YOUR INSTRUCTIONS - Below are some records. Print exactly the lines between the one holding "Lira con busto" and the one holding "Особливості: авторські сувенірні", inclusive, and nothing else.

INFORMATION PROVIDED -
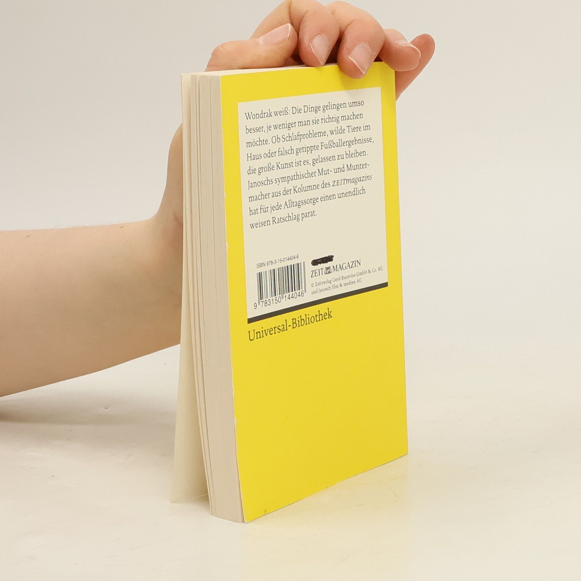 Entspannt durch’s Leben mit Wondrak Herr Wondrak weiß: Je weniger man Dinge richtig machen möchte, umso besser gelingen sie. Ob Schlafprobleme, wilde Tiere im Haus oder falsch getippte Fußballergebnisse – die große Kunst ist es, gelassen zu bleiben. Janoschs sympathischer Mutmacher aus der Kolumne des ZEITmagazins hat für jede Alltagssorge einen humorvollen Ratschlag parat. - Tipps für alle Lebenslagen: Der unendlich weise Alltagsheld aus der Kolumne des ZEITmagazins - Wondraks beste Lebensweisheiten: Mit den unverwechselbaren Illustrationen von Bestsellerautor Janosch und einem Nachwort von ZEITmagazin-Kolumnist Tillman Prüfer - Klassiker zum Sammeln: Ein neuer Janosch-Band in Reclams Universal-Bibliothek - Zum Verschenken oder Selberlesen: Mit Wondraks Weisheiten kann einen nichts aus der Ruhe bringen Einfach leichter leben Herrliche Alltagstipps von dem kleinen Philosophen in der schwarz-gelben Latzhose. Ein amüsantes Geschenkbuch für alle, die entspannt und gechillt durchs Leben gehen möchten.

...

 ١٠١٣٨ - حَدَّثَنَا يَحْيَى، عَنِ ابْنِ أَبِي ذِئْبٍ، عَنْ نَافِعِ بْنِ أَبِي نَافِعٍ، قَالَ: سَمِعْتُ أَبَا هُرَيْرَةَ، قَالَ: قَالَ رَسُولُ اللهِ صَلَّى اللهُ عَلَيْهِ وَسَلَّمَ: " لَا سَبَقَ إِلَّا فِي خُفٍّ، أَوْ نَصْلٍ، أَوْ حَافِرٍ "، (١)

==

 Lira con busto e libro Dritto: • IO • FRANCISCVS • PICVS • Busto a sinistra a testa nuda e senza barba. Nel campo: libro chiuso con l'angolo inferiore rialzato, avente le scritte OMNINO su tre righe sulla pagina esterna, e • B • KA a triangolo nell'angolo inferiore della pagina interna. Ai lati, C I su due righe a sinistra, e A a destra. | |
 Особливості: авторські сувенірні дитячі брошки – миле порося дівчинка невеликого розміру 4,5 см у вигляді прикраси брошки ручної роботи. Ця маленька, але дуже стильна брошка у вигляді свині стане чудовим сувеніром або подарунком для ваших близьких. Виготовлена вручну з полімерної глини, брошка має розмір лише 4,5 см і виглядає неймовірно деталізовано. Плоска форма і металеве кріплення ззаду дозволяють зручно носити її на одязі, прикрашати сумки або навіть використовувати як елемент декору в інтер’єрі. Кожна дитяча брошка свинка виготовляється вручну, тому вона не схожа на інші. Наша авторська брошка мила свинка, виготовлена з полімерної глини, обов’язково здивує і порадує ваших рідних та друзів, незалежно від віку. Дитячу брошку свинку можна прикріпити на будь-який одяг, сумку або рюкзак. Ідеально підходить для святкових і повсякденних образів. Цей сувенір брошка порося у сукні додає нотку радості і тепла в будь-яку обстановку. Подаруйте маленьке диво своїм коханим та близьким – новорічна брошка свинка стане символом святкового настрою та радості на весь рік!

TASK OUTPUT -
 Lira con busto e libro Dritto: • IO • FRANCISCVS • PICVS • Busto a sinistra a testa nuda e senza barba. Nel campo: libro chiuso con l'angolo inferiore rialzato, avente le scritte OMNINO su tre righe sulla pagina esterna, e • B • KA a triangolo nell'angolo inferiore della pagina interna. Ai lati, C I su due righe a sinistra, e A a destra. | |
 Особливості: авторські сувенірні дитячі брошки – миле порося дівчинка невеликого розміру 4,5 см у вигляді прикраси брошки ручної роботи. Ця маленька, але дуже стильна брошка у вигляді свині стане чудовим сувеніром або подарунком для ваших близьких. Виготовлена вручну з полімерної глини, брошка має розмір лише 4,5 см і виглядає неймовірно деталізовано. Плоска форма і металеве кріплення ззаду дозволяють зручно носити її на одязі, прикрашати сумки або навіть використовувати як елемент декору в інтер’єрі. Кожна дитяча брошка свинка виготовляється вручну, тому вона не схожа на інші. Наша авторська брошка мила свинка, виготовлена з полімерної глини, обов’язково здивує і порадує ваших рідних та друзів, незалежно від віку. Дитячу брошку свинку можна прикріпити на будь-який одяг, сумку або рюкзак. Ідеально підходить для святкових і повсякденних образів. Цей сувенір брошка порося у сукні додає нотку радості і тепла в будь-яку обстановку. Подаруйте маленьке диво своїм коханим та близьким – новорічна брошка свинка стане символом святкового настрою та радості на весь рік!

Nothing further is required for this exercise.